Una singular dama, exquisita belleza de piel morena y ojos negros y profundos,
ojos que en esta noche, fría y estrellada me miraban pasionalmente, casi como
si me quisiesen devorar entero. Muchas otras noches ya lo había notado, sin
embargo nunca me había mirado de esa manera, su mirada me dio tal calidez, que
por un momento olvide la turbulencia de días pasados y ahí fue entonces cuando
lo sabría, pues esa mirada podía decir más que todas las palabras que hubiese
escuchado jamás, al mirarme de esa manera tan cálida, en realidad no era al
hombre sobre su regazo a quien miraba, sino a aquel hombre que alguna vez
profesó amor, el cual fue correspondido con desprecio, pues si algo del coronel
era bien sabido, sería que su gusto por las mujeres no podía limitarse a una
sola, o no por mucho tiempo… Sin embargo parece que me he adelantado demasiado
a lo que siquiera figuraría cómo el principio de una historia por lo cual me
remontare al inicio, o al menos a mí inicio.

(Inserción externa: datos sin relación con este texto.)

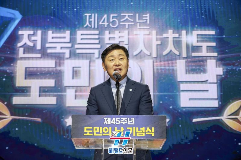 [Çì·²µå½Å¹® = ³ë½Â¾ð ±âÀÚ] ÀüºÏƯº°ÀÚÄ¡µµ´Â 10¿ù 20ÀÏ(¿ù), ÀüºÏµµÃ» °ø¿¬Àå¿¡¼ Á¦45ÁÖ³â ÀüºÏƯº°ÀÚÄ¡µµ µµ¹ÎÀÇ ³¯ ±â³äÇà»ç¸¦ ¿¾ú´Ù°í ¹àÇû´Ù. À̹ø Çà»ç¿¡´Â µµ³» ±â°ü¡¤´ÜüÀå, ÃâÇâµµ¹Î, ÀüºÏÀδë»ó ¼ö»óÀÚ µî 900¿© ¸íÀÌ Âü¼®ÇØ ÀüºÏÀÇ »õ·Î¿î 100³â µµ¾àÀ» ÇÔ²² ´ÙÁüÇÏ´Â ¶æ±íÀº ½Ã°£À» °¡Á³´Ù.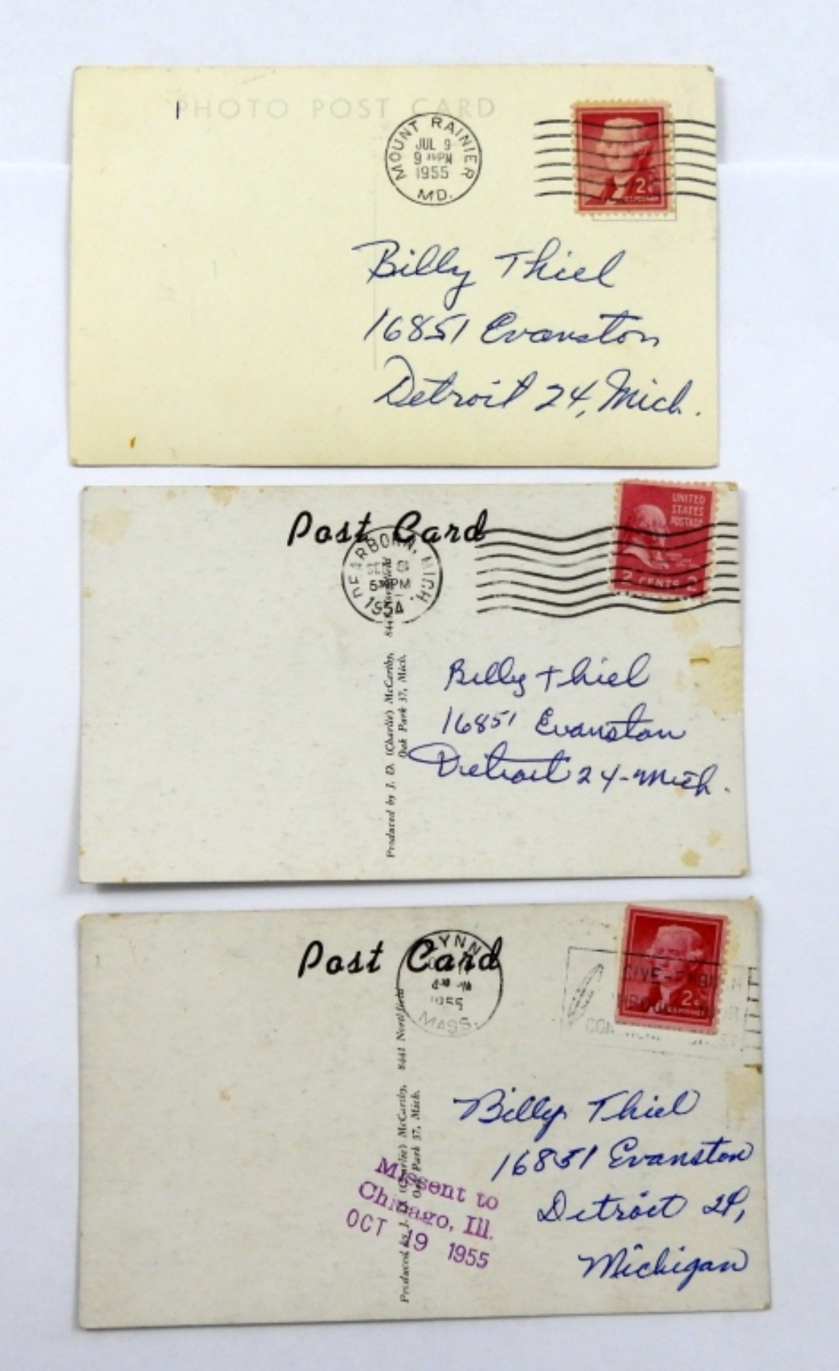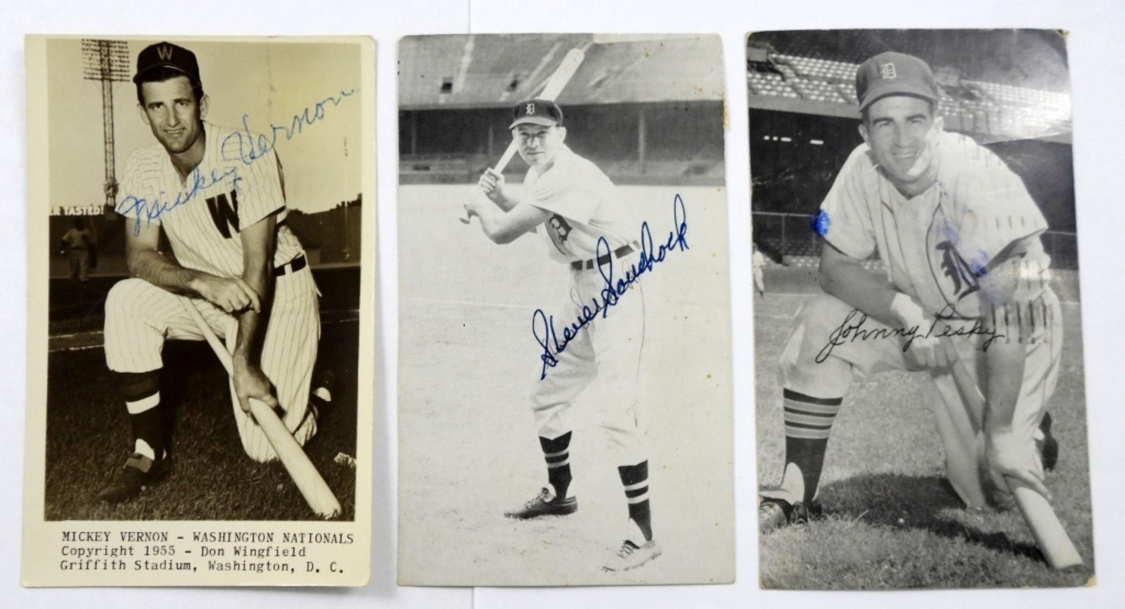 (3) VINTAGE SIGNED BASEBALL POSTCARDS, JOHNNY PESKY, STEVE “BUD” SOUCHECK & MICKEY VERNON ( NO COA )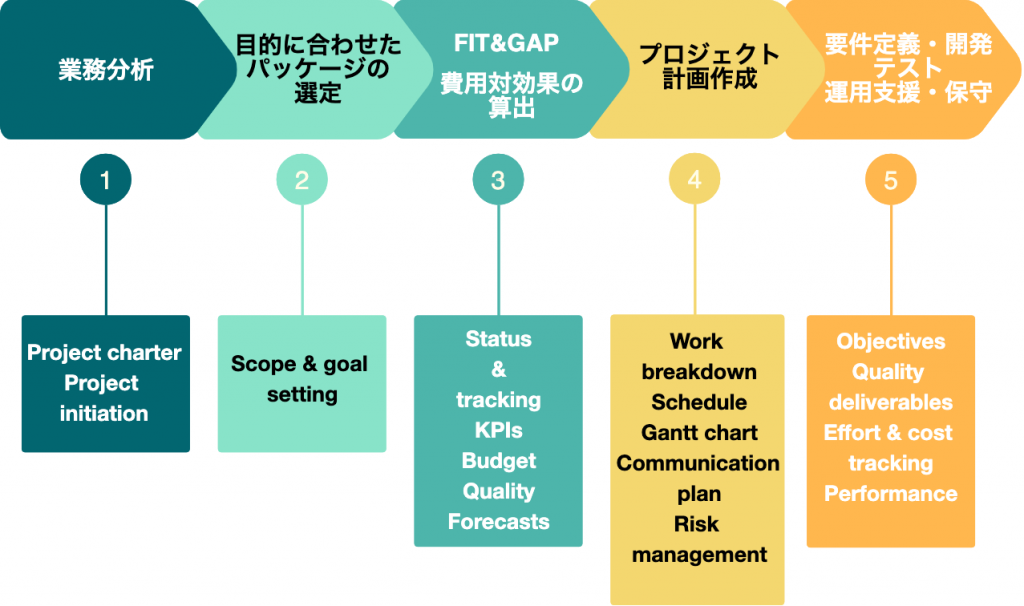 そうならないためには、自社の「業務分析とプロセスの整理」「FIT&GAP率算出」「費用対効果」「KPI設定」「投資回収期間の目処」について、事前の十分な検証が必要となります。

Era la primera semana de otoño cuando en el pueblo
comenzarían a escucharse las primeras ideas de revolución, para aquel entonces
yo frecuentaba a dos amigos, Gael y Flavio, quienes solían hablarme de las
juntas revolucionarias y de porqué apoyaban la causa. En ese entonces yo no me
preocupaba mucho por lo que podría significar una revolución o lo que eso
conllevaría, la verdad es que pensaba que de todo ese cotilleo, no habría mucho de lo que me
pudiera preocupar, aunque al parecer al Rey si, puesto que no pasaría mucho
tiempo, antes de que llegaran las primeras tropas reales a inspeccionar que
ocurría.
Al llegar el ejército, las juntas revolucionarias- como la
gente solía llamarlas, se convirtieron en “grupos de oración” organizados en
pequeñas capillas y por lapsos que nunca excedían de las 2 horas, sin embargo
estas reuniones no duraron por mucho tiempo, puesto que en esos días era muy
común ver a un coronel llamado Jevano Tiranno
y a un séquito de soldados rondar por las calles, pavoneándose y
alardeando de su gran destreza cuando atrapaba a algún sospechoso. El coronel
no descansaba hasta hacer a sus prisioneros confesar hasta cuantas veces se
duchaban.
Cuando la rebelión fue descubierta los revolucionarios se
vieron forzados a actuar, de manera improvisada gente tanto del pueblo cómo de
colonias aledañas iniciarían una guerrilla que rápidamente sería controlada por
el ejército real, forzando a los revolucionarios restantes huir al sur,
alejando al conflicto del pueblo por un momento, era a mediados de invierno cuando
Flavio fue a despedirse de mí y a decirme que alcanzaría a Gael y al resto de
los revolucionarios en Puerto Griotto, en el sur, ese mismo día descubriría el
pueblo se había convertido en una base militar y que si no quería verme
involucrado en este embrollo me tendría que ir de ahí.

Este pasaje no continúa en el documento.